The "Little Sisters of Liberty" and the Kansas City Scouting Connection

Starting on the Fourth of July, the Statue of Liberty in New York, which has been closed to visitors above its base since the September 11th terrorist attacks, will be reopened. Kansas City, and particularly the Boy Scouts in Kansas City, have an interesting connection to the Statue of Liberty through the “little Sisters of Liberty.”

 

In 1950, to commemorate 40 years of Boy Scouting in the United States, Jack F. Whitaker, a Kansas City, Missouri businessman and council commissioner for our local Boy Scout council at the time, launched a program to erect copper statues, known as "little Sisters of Liberty". Mr. Whitaker originated this project after seeing a dedication of a Statue of Liberty replica made of chicken wire and concrete in Spirit Lake, Iowa.

 

Between 1949 and 1952, in towns across America, Boy Scouts dedicated more than 200 of the 8½ foot copper statues to emphasize Scouting’s 40th anniversary theme "Strengthen the Arm of Liberty." These statues were located on capitol grounds, courthouse lawns, and main streets; in city parks, schoolyards and libraries and at Boy Scout Camps.

 

Mr. Whitaker paid $3,500.00 to have an original mold made for the Statues and Friedley-Voshardt Company in Chicago made the stamped copper replicas.
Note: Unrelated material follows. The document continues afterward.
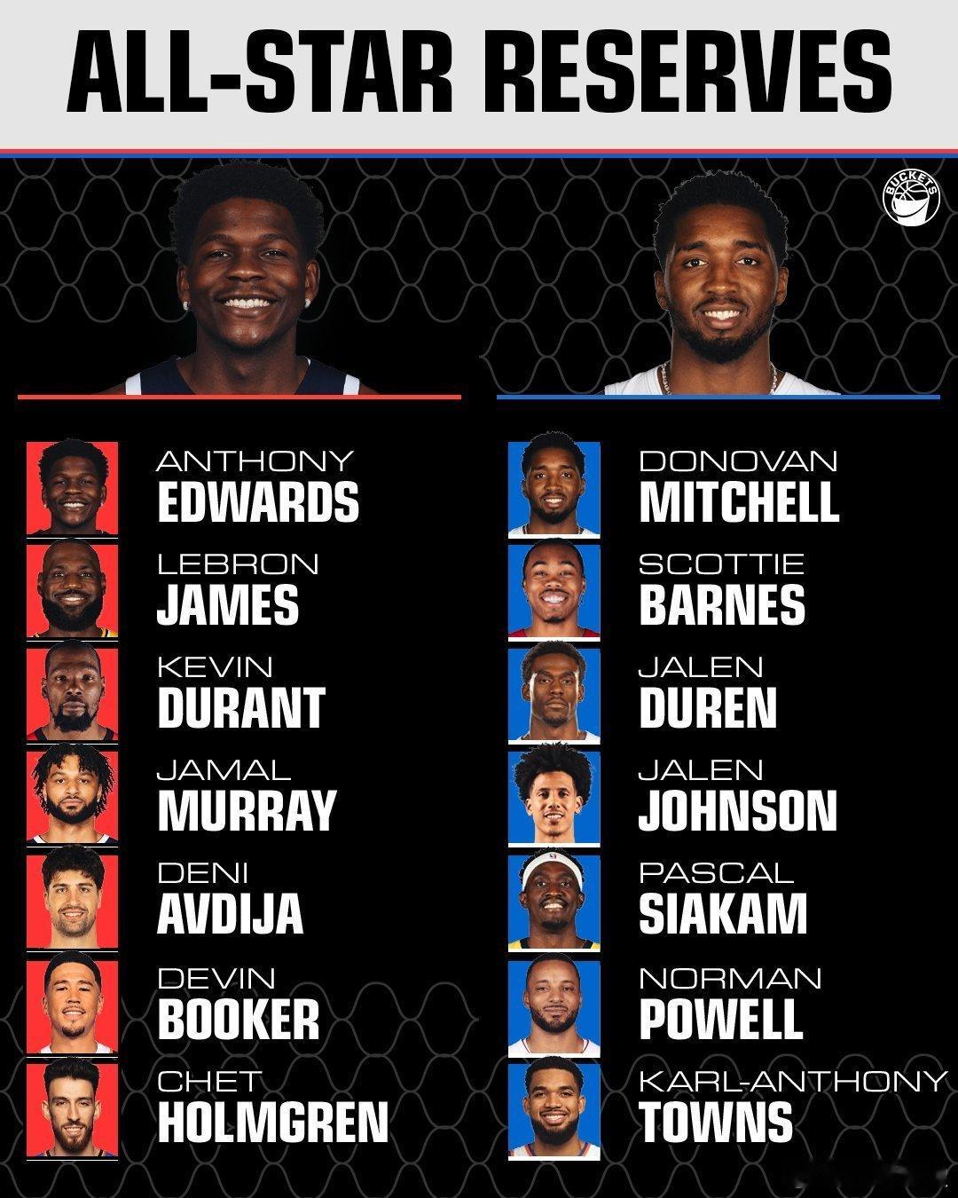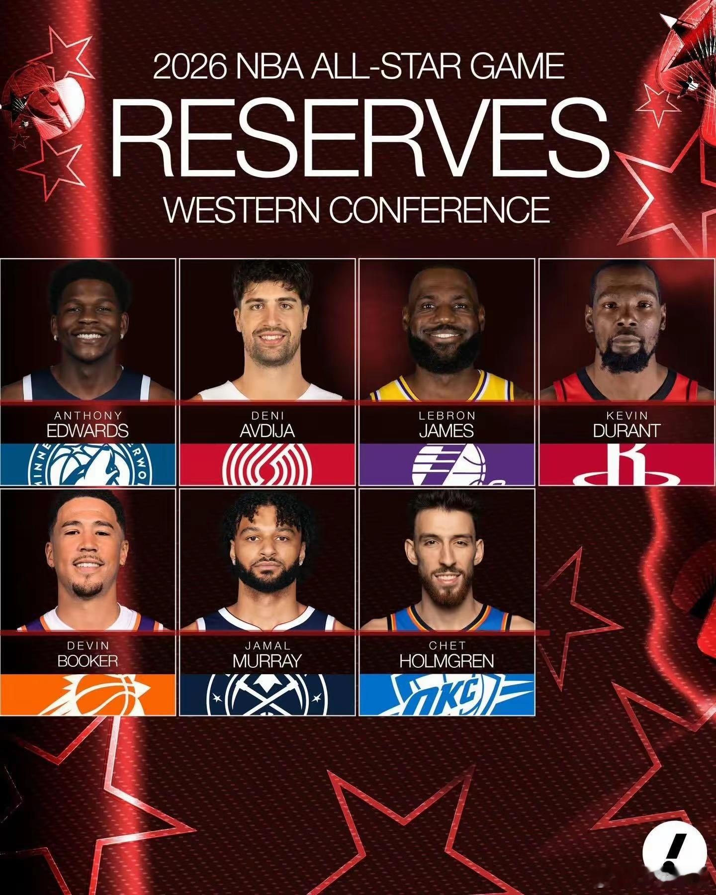 ——西部:爱德华兹、霍姆格伦、贾马尔-穆雷、布克、阿夫迪亚、杜兰特、詹姆斯

Each statue contained more than 40 sheets of copper about the thickness of a nickel and sold for $300 to $350 to Scout troops who presented them to cities and towns in 39 states, Guam, Puerto Rico, the Canal Zone and the Philippines.

 

There are approximately 6 of these statues in the Kansas City area and one at the Bartle Scout Reservation.  One statue that has recently been restored is located at the Midwest Genealogy Center, 3440 South Lee’s Summit Road in Independence, MO. This statue was rededicated on June 21, 2008 and members of Cub Scout Pack 865 of St. Mark’s Catholic Church were involved in the ceremony.

 

As you celebrate the Fourth of July weekend, keep in mind the significance of the holiday and check out Scouting's connection to the Lady of Liberty on Ellis Island.